Just over half of the additional 30,000 U.S. troops that President Obama ordered to Afghanistan in December have arrived. The rest are due this summer.  But in conjunction with other ISAF forces, we have already begun to partner with the Afghans to undertake operations to reverse the momentum of the insurgency.  Accompanying the U.S. troop surge is a U.S. civilian staff surge to help develop the Afghan economy and build Afghan capacity to provide for the basic needs of the population: agricultural production, justice, and other public services.  We already have more than 1,000 civilian specialists in Afghanistan, with some 400 working outside of Kabul in 52 different locations around the country.  This is a key role in the “hold” and “build” phases of the counterinsurgency strategy.  We have successfully cleared a major insurgent stronghold in Marjah in Helmand Province and are now transitioning to “hold” and “build.” 
Recent media reports point out that some Taliban have infiltrated back into Marjah and committed acts of retribution against the local population.  This kind of counteroffensive by the insurgents was entirely predictable.  They are trying to convince the people that the coalition and government are not reliable security providers and that they will not stay.  Afghan and international forces need to prove to the local population that supporting the government is indeed a safe bet.  The tide will not turn until the Afghan population becomes convinced that the ISAF and Afghan forces can successfully defend them against the insurgency.  After almost nine years of inconclusive struggle, it is easy to see why many Afghans continue to sit on the fence and are reluctant to commit to the government.

Nevertheless, we are confident that by July 2011, we will have reversed the momentum of the insurgents.  This will allow the transition of security responsibility to the Afghan security forces and a draw-down of U.S. and Allied forces.  The pace of that draw-down will – and I would like to make this very clear –  will be based on an assessment of conditions on the ground and the capacity of Afghan security forces to sustain security gains.  This will not be a wholesale withdrawal or the end of our relationship with Afghanistan.  We will not repeat the mistakes of the past.  We are committed to a long-term relationship with Afghanistan.  We believe that a stable, secure and prosperous Afghanistan is the only way to ensure that military gains are not lost and that Afghanistan does not once again become a safe haven for terrorists to plot attacks against us.  

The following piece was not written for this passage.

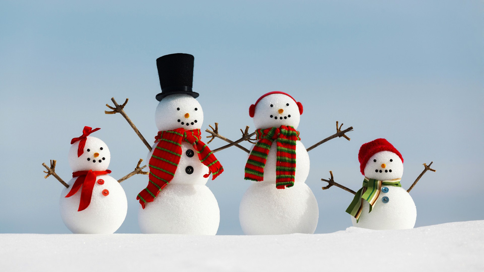 四个小雪人,圣诞快乐,新年快乐,冬天,雪,桌面壁纸

Counterinsurgency is all about winning public support for the government, so it is important that we have a strong and reliable partner in President Karzai.  Much has been made of the recent public disagreements between the U.S. and President Karzai, but during his visit to Washington earlier this month, we have made considerable progress in reinforcing our partnership with his government.  President Karzai reaffirmed the commitments he gave during his inaugural address and at the London Conference on improving governance, fighting corruption and preparing for the handover of responsibility from the international community.  The Afghan government’s plans for carrying out these commitments will be further developed at the July 20th Kabul Conference. 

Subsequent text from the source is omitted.